● **STUDY MATERIAL**:
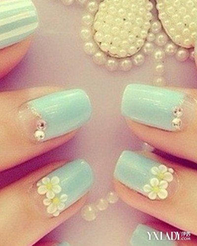 小清新风的美甲效果图,同样也深受女生们的喜爱!看那清纯感觉的淡淡绿色指甲,点缀白色花朵图案,清新中隐约散发出一股甜美可爱气息。
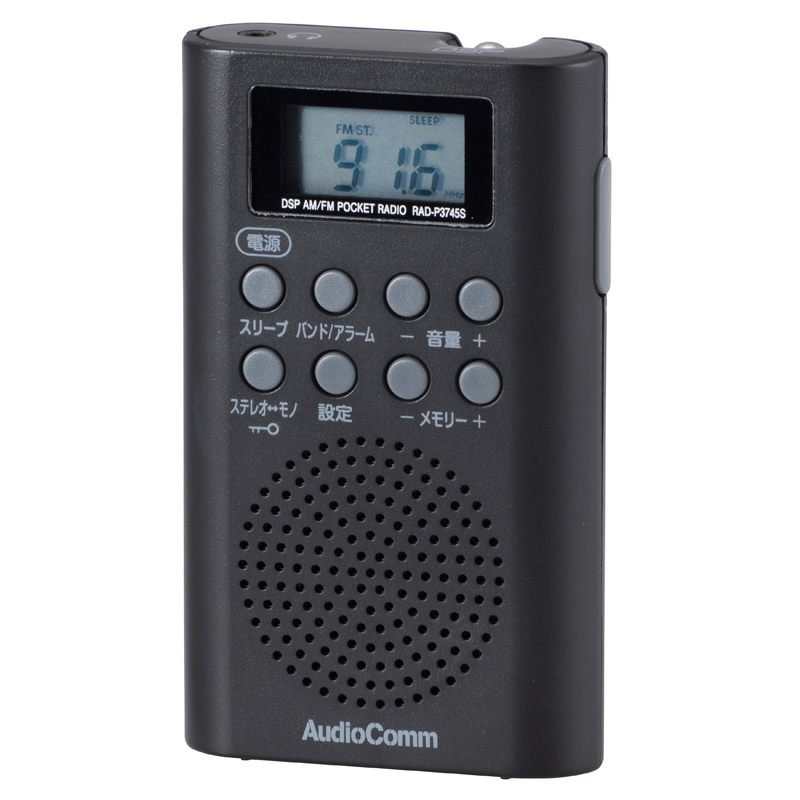AudioCommワイドFM対応 DSP FMステレオ/AMポケットラジオ ブラック [品番]07-8663
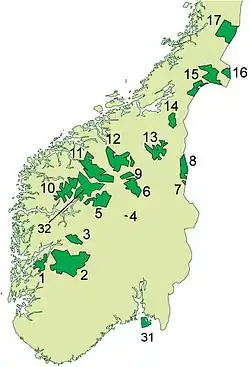 Hardangervidda National Park (Norwegian: Hardangervidda nasjonalpark) is a national park in the counties of Telemark, Buskerud and Hordaland in Norway. It is the largest national park in Norway proper, spanning half the Hardangervidda, which is the largest highland plateau in Northern Europe. The park protects Europe's largest wild reindeer herds. Along with Jotunheimen and other mountain areas it separates East and West Norway.
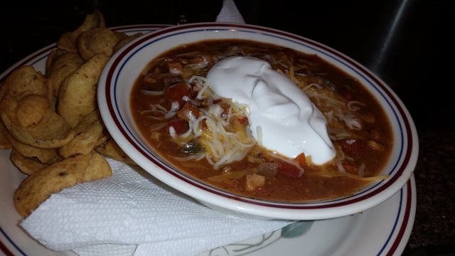 Now we are ready to build our bowl of chili. I always like to top my chili off with shredded cheddar cheese and a dollop of sour cream. Grab a handful of Fritos or a square of cornbread and you are ready to go!
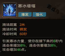 效果:引发寒冰力量,使你在接下来的8秒内连击率增加8%,连击伤害增加8%攻击增加46点。

● **WORK REQUEST**: Find the line that contains "Now we are ready", then write out that line and every line after it through the end of the records, exactly. Leave the pictures out.

● **ANSWER TO THE PROBLEM**:
 Now we are ready to build our bowl of chili. I always like to top my chili off with shredded cheddar cheese and a dollop of sour cream. Grab a handful of Fritos or a square of cornbread and you are ready to go!
 效果:引发寒冰力量,使你在接下来的8秒内连击率增加8%,连击伤害增加8%攻击增加46点。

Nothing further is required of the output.